#### Given records ####

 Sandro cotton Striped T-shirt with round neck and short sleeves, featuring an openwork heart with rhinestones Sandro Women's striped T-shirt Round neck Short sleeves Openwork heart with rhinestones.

####
#### Given records ####

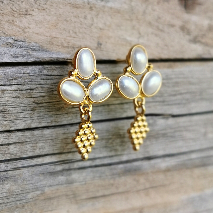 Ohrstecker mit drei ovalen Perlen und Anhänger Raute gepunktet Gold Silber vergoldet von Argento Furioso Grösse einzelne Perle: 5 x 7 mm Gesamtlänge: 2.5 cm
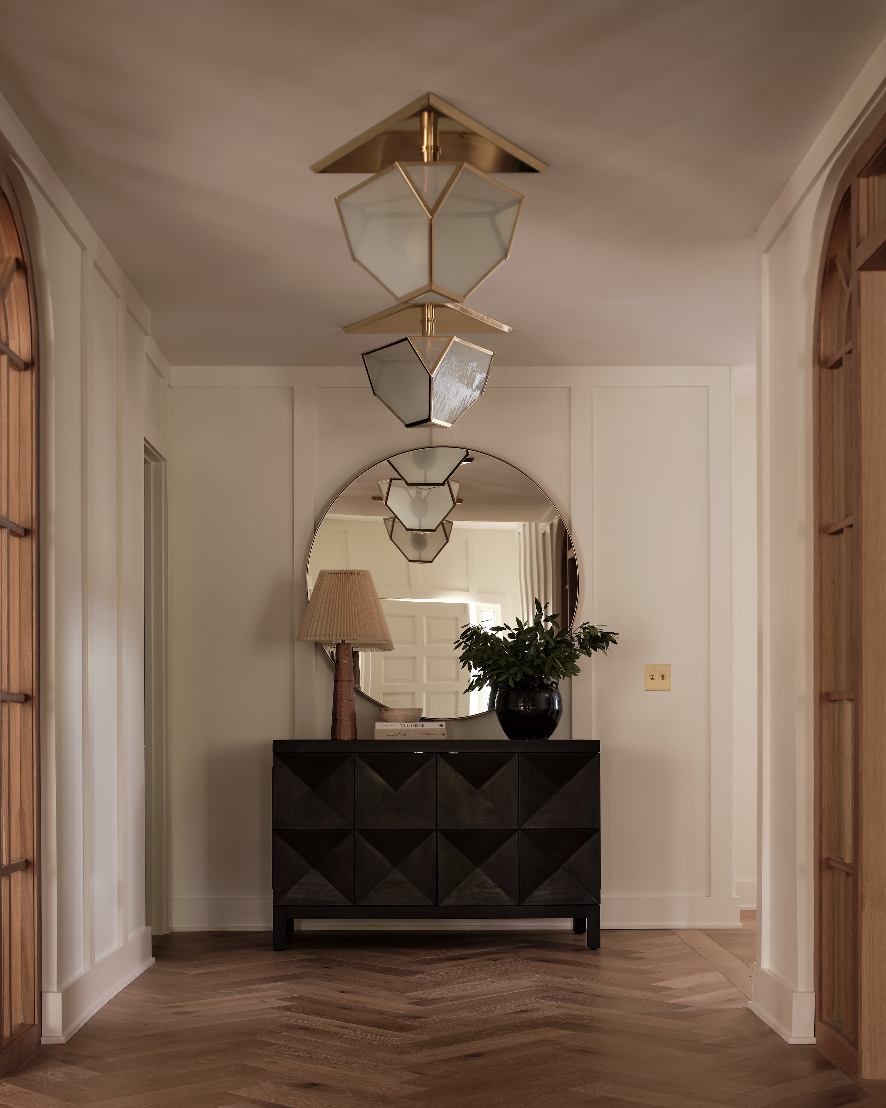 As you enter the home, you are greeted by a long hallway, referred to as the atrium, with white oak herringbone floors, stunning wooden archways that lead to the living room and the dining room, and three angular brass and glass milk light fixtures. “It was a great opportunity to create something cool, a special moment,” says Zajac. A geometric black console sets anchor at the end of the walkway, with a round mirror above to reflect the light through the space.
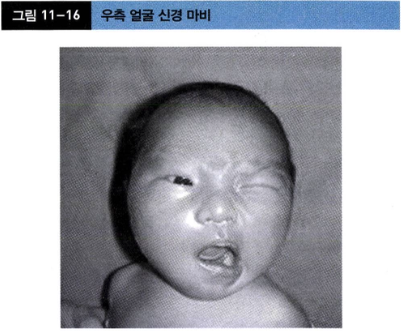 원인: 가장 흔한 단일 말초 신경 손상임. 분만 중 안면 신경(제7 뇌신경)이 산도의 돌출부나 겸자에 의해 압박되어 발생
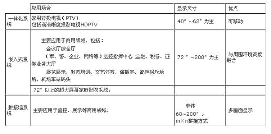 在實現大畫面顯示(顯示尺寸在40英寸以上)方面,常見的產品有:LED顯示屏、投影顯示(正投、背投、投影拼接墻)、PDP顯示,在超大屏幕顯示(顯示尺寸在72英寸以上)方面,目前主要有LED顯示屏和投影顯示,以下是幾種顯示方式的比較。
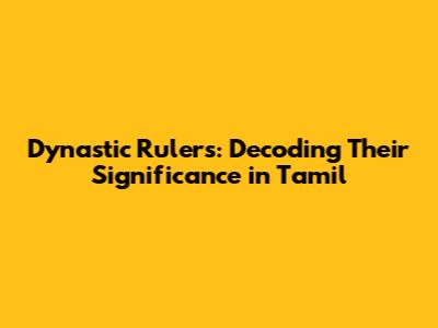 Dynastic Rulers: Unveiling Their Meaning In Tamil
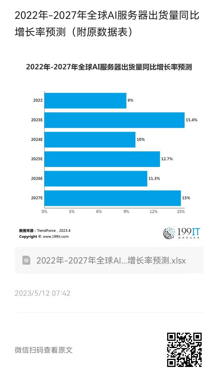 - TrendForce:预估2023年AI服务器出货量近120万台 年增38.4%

####

The problem:
Your task is to copy only the lines above starting at the one containing "Ohrstecker mit drei" and ending at the one containing "- TrendForce:预估2023年AI服务器出货量近120万台 年增38.4%". Copy them exactly, both ends included, and omit the pictures.

Solution:
 Ohrstecker mit drei ovalen Perlen und Anhänger Raute gepunktet Gold Silber vergoldet von Argento Furioso Grösse einzelne Perle: 5 x 7 mm Gesamtlänge: 2.5 cm
 As you enter the home, you are greeted by a long hallway, referred to as the atrium, with white oak herringbone floors, stunning wooden archways that lead to the living room and the dining room, and three angular brass and glass milk light fixtures. “It was a great opportunity to create something cool, a special moment,” says Zajac. A geometric black console sets anchor at the end of the walkway, with a round mirror above to reflect the light through the space.
 원인: 가장 흔한 단일 말초 신경 손상임. 분만 중 안면 신경(제7 뇌신경)이 산도의 돌출부나 겸자에 의해 압박되어 발생
 在實現大畫面顯示(顯示尺寸在40英寸以上)方面,常見的產品有:LED顯示屏、投影顯示(正投、背投、投影拼接墻)、PDP顯示,在超大屏幕顯示(顯示尺寸在72英寸以上)方面,目前主要有LED顯示屏和投影顯示,以下是幾種顯示方式的比較。
 Dynastic Rulers: Unveiling Their Meaning In Tamil
 - TrendForce:预估2023年AI服务器出货量近120万台 年增38.4%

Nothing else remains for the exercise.